Interesse demonstrieren die Besucher, aber auch die Fachleute bzw. Wissenschaftler. Und es äußert
sich in verschiedener Form: als Begeisterung, als kühle Indifferenz und als dezidierte Ablehnung.
Diese beiden Aspekte ließen auch die Idee zu einem solchen Workshop entstehen: die Möglichkeit,
sich mit den Objekten zu beschäftigen, und die Möglichkeit, sich ebenso mit den Reaktionen zu
beschäftigen. Im Rahmen dieser Einleitung möchte ich einige der sich mir ergebenden Gedanken in
thesenartiger Form voranstellen. Es sind drei Punkte, die m.E. in diesem Zusammenhang von
Interesse sind:
Erstens die Frage, warum das pharaonische Ägypten dem (west)europäischen Betrachter so
fern und doch nah ist, wo die kulturellen Barrieren liegen, die wir bei der Auseinandersetzung mit der
pharaonischen Kultur berücksichtigen müssen - denn überwinden können (und sollten) wir sie nicht.

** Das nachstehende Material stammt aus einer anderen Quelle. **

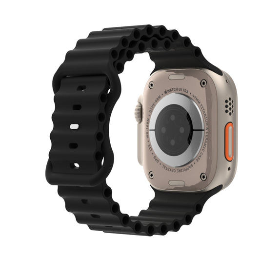 حزام ساعة من السيليكون بتصميم المحيط لساعة أبل الترا 49 ملم وساعة الترا 2 49 ملم / السلسلة 9&8&7 45 ملم / SE 3&SE 2&6&SE&5&4 44 ملم / 3&2&1 42 ملم (أسود)
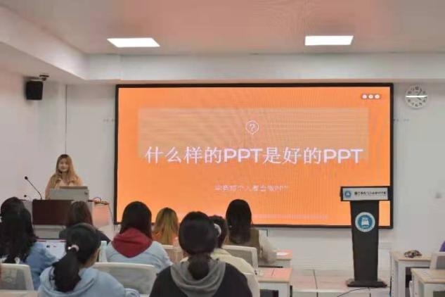 本次培训主讲人AM PPT设计公司创始人高敏以“你认为什么样的ppt是好的ppt”为问题导入,引发同学们对ppt制作标准的思考,从风格、排版、图表三个板块对如何做好PPT进行系统讲解。她强调了ppt视觉风格的重要性,通过举例向大家示范正确又高效的排版方式和排版的重要原则,详细讲解了ppt设计的四个原则“对比、对齐、亲密、重复”。鼓励在场同学们现场自主设计操作,并进行指导,解答同学们的疑惑。

Daraus ergibt sich zweitens die Frage, warum der Kult der Toten in der pharaonischen Kultur
überhaupt eine solche enorme Bedeutung hat.
Und Drittens stellt sich die Frage, wie wir, die wir vor einem so anderen kulturellen Hintergrund
agieren, unseren Umgang mit dem Tod und den Toten der Ägypter in unser Verständnis vom Tod
und den Toten einordnen können.
Der erste Gedanke betrifft vor allem uns Ägyptologen und Ägyptomanen selbst. Wir sind ja beides: wir
sind die, die die Objekte zusammenstellen, präsentieren und interpretieren; und wir sind es, die sie
betrachten, bestaunen, uns ihrer Wirkung nicht entziehen können. Die Reaktionen von Besuchern
sind auch unsere Reaktionen, auch wenn wir sie durch die Brille des Fachwissens vielfach zu brechen
versuchen.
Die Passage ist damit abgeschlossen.